Background: Angina pectoris (AP), characterized by retrosternal chest pain, pressure, or discomfort, serves as a prognostic indicator for significant cardiac adverse events and has been associated with numerous inflammatory mechanisms in prior research. Nevertheless, the precise causal connection between AP and diverse circulating inflammatory proteins remains inadequately elucidated.
Methods: This study used a thorough two-sample Mendelian randomization analysis to determine the causal link between inflammatory proteins in the blood and AP. We used public genetic data to study the link between 91 inflammatory cytokine signatures and susceptibility to AP. Furthermore, we employed a two-step MR approach, incorporating data from 1400 metabolites, to explore potential mediators in the relationship between circulating inflammatory proteins and AP. A comprehensive sensitivity analysis was conducted to ascertain the validity of the findings, considering factors such as robustness, pleiotropy, and heterogeneity.

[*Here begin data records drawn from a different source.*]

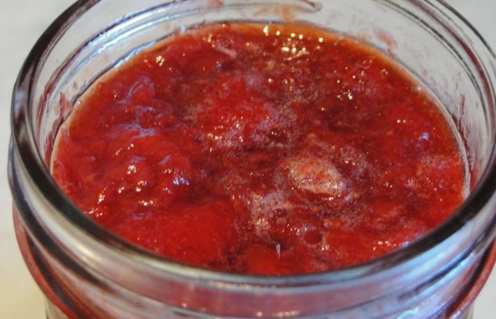Se lasa sa se limpezeasca si se pune In tingirea de dulceata zaharul cu un pahar de zeama de fragi.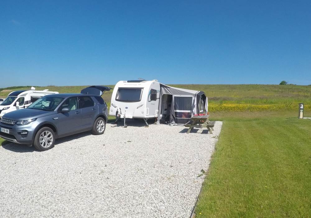 A gravel hardstanding pitch with grass alongside, with an average size of 10 x 10 metres including a 16amp electric hook-up.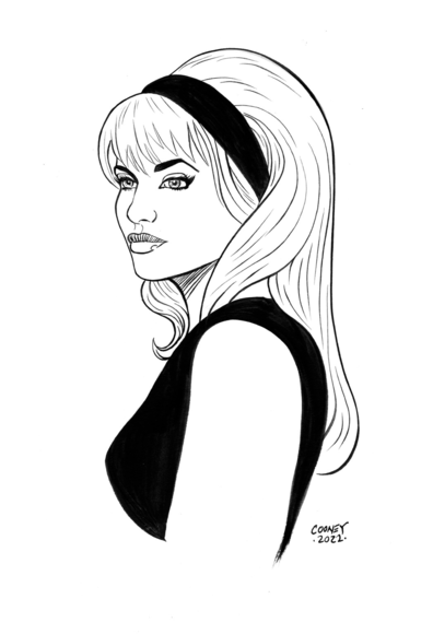 Gwen Stacy—pen and ink. In honor of what would’ve been Stan Lee’s 100th birthday, I wanted to pay homage to the character inspired by his wife and drawn by wonderfully by John Romita and Terry Dodson. Bring on 2023. ✨🕷️#gwenstacy #stanlee #marvelcomics #spiderman #pen #penandink #inkbrush #twsbi
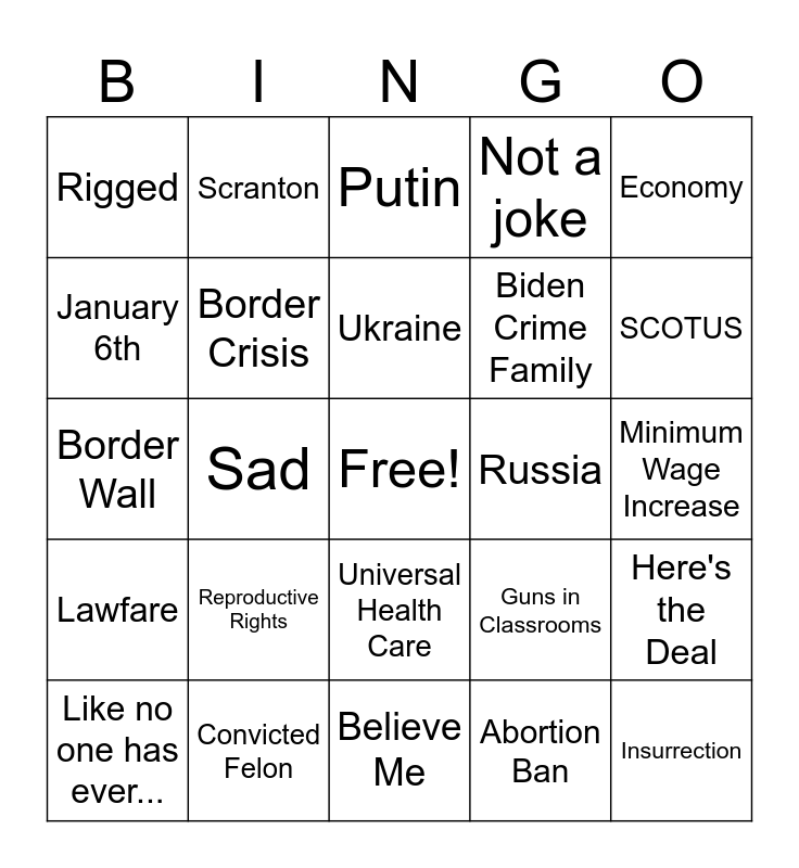 This bingo card has a free space and 59 words: Student loan forgiveness, Convicted Felon, Fake News, Lawfare, Abortion Ban, Project 2025, Border Crisis, Melania, Biden Crime Family, Woke, Not a joke, Medicare, January 6th, Climate Change, C'mon Man!, Rigged, Insurrection, Economy, China, Ukraine, Russia, Putin, Like no one has ever..., Here's the Deal, Roe vs Wade, Secure our Elections, The Fact is..., Affordable Housing, SCOTUS, Race Theory, Witch Hunt, Illegal Immigration, The American People, Listen Folks, Scranton, Tremendous, Winning, Sad, Tax Cuts, Border Wall, Shrinkflation, Reproductive Rights, Minimum Wage Increase, Truth Social, Hunter Biden, Inflation, MAGA, I'm Very Smart, Universal Health Care, Believe Me, Malarkey, Fraud, Divisive, Gun Control, Trans Rights, Guns in Classrooms, Muslim Ban, Working Class and TikTok.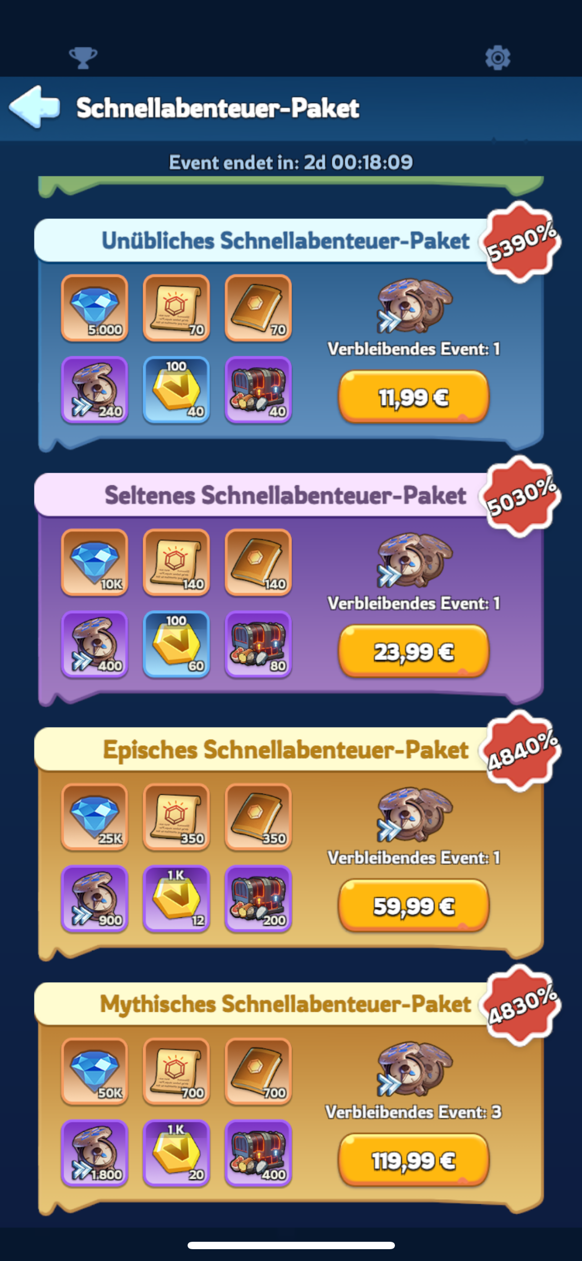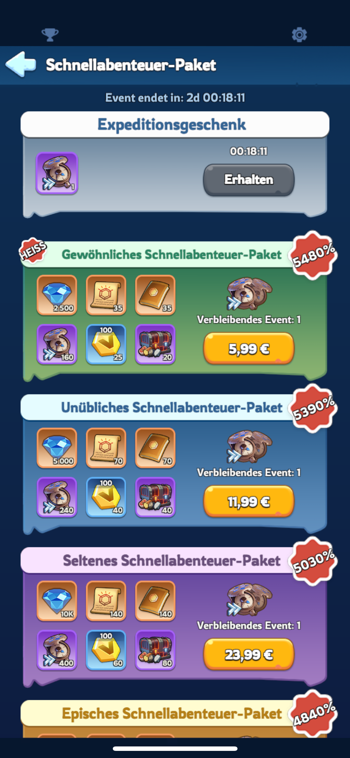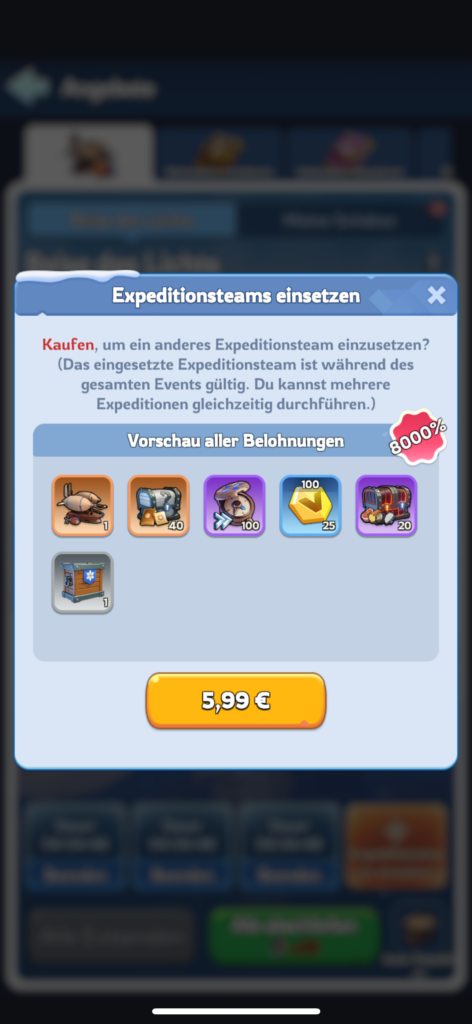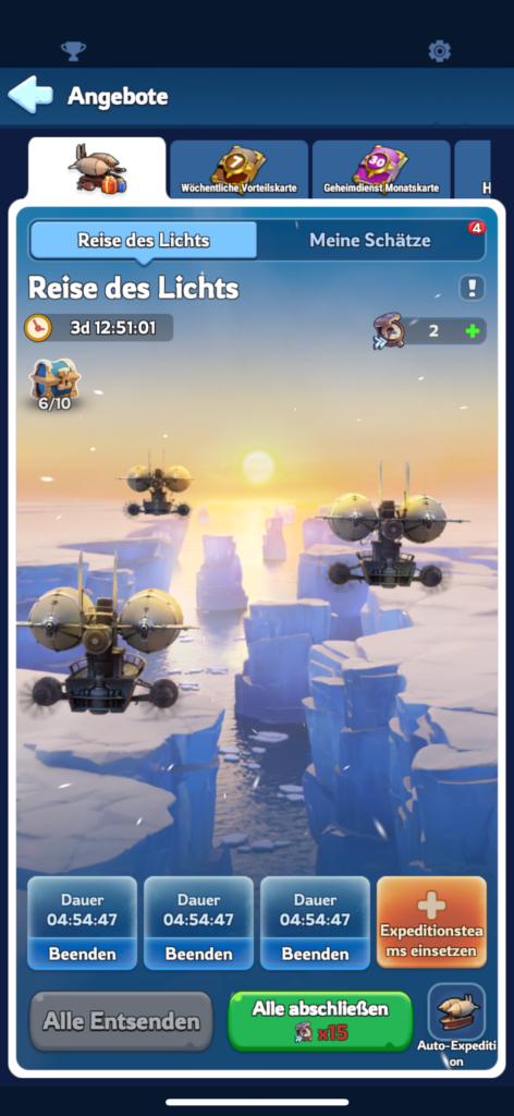 - Hinweis: Es können F2P 39 Truhen erhalten werden. Dafür müssen alle 8 Stunden erneut Expeditionen gestartet werden, sowie drei Expeditionsteams freigeschaltet worden sein. Kurz bevor das Event endet schickst du noch einmal Expeditionen los. Diese können noch nach Ende des Events eingesammelt werden.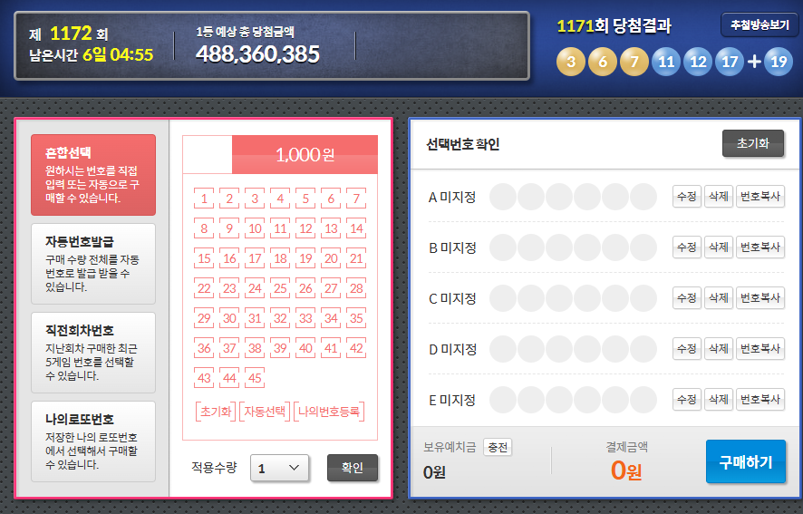 오늘 일요일 오후부터 다시 구매할 수 있는 로또 1172회를 구매할 때는 재차 수동으로 똑같은 번호 조합 5개를 기입한 이후 자동 5천 원을 구매할 생각이다.
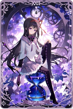 akemi homura, 1girl, long hair, tarot, gears, black hair, tarot (medium), ribbon, solo, purple eyes, roman numeral, sitting, argyle legwear, skirt, pantyhose, argyle clothes, long sleeves, jacket, purple skirt, red ribbon, knee up, character name, flower, hairband, black pantyhose, white jacket, hand on own knee, full body, purple theme, magical girl, hair ribbon, card (medium), very long hair, neck ribbon, purple ribbon, purple flower, holding, closed mouth, soul gem, weapon, clock, boots, purple bowtie, frilled skirt, shirt, pleated skirt, halo, border, hourglass, bowtie, expressionless, staff, black footwear,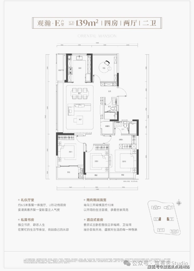 139平米“竖版”户型,得房率高达约93%,空间利用率卓越; 南向三卧设计,采光充沛,完美适配二胎及三代同堂家庭需求; 客厅面积约37平,开阔大气,并配备约2.6平独立储物间,实用性强。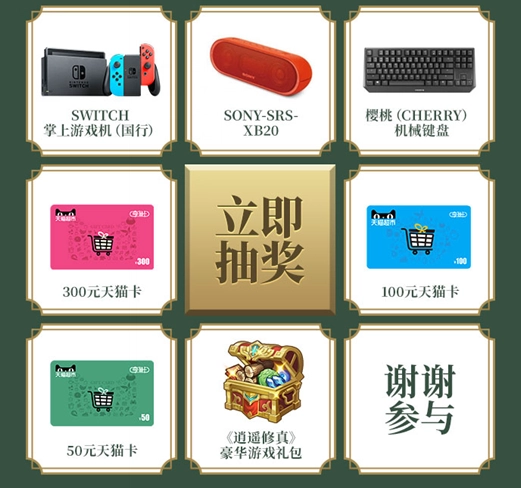 在首发7天内登录,即有机会抽取Switch、樱桃机械键盘、SONY-SRS-XB20音箱等实物好礼,数量有限,先到先得,送完即止。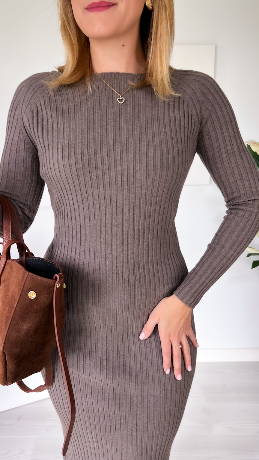 Postaw na wygodę i kobiecy styl w jesiennym sezonie! Nasza prążkowana sukienka typu tuba została uszyta z wyjątkowo elastycznej tkaniny, która doskonale dopasowuje się do sylwetki i zapewnia pełną swobodę ruchów. Dzięki swojej rozciągliwości świetnie sprawdzi się także na ciążowe brzuszki, gwarantując komfort i styl w każdej fazie.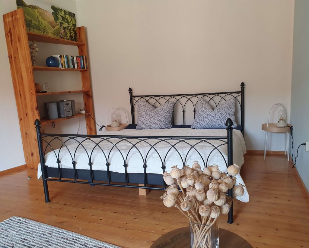 Das Doppelzimmer, 20 qm groß, befindet sich im 2. Obergeschoss. Es kann separat oder als Aufbettung zur Ferienwohnung gemietet werden.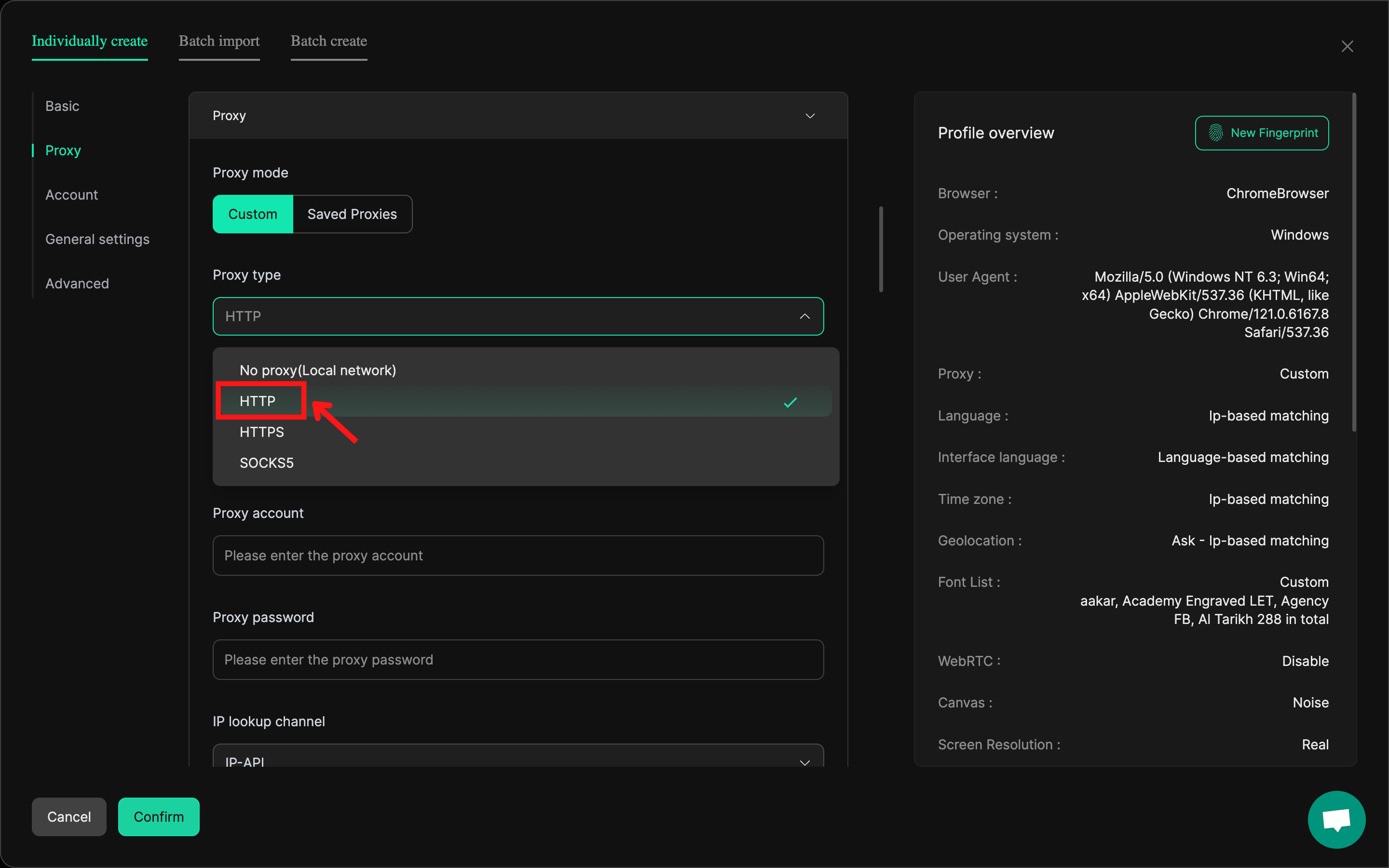 - From the ‘Proxy Type’ dropdown, select ‘HTTP’.

Results: Following the application of the false discovery rate (FDR) correction (P < 0.05), it was determined that circulating inflammatory proteins exhibited a significant impact on AP. In our study, one circulating inflammatory protein was identified as negatively associated with AP risk significance: interleukin-10. In addition, we examined 5 circulating inflammatory proteins with no statistically significant effect of AP, but it is worth mentioning that they had an unadjusted low P-value phenotype. Two of them, respectively, leukemia inhibitory factor, interleukin−4 have a negative effect on the incidence of AP, whereas the remaining three, interleukin−20 ,interleukin−22 receptor subunit alpha−1, neurotrophin−3 have a positive effect on the incidence of AP. At the same time, we also detected the effects of AP on three circulating inflammatory proteins after multiple FDR correction adjustments. They are t−cell surface glycoprotein CD5, interleukin−10 receptor subunit beta, and interleukin−18 receptor 1. We also examined the effect of a circulating inflammatory proteins called hepatocyte growth factor on AP without statistical significance, but its P FDR <0.2. They all showed a downward trend after the onset of AP.
Conclusions: As a result of our study, it was demonstrated that circulating inflammatory proteins are closely associated with AP via genetic means, which provides guidance for future clinical studies. This finding provides evidence for the prevention and treatment of AP with drug therapy targeting circulating inflammatory proteins. Further exploration is needed to verify the clinical significance of the association of circulating inflammatory proteins with the risk of AP development.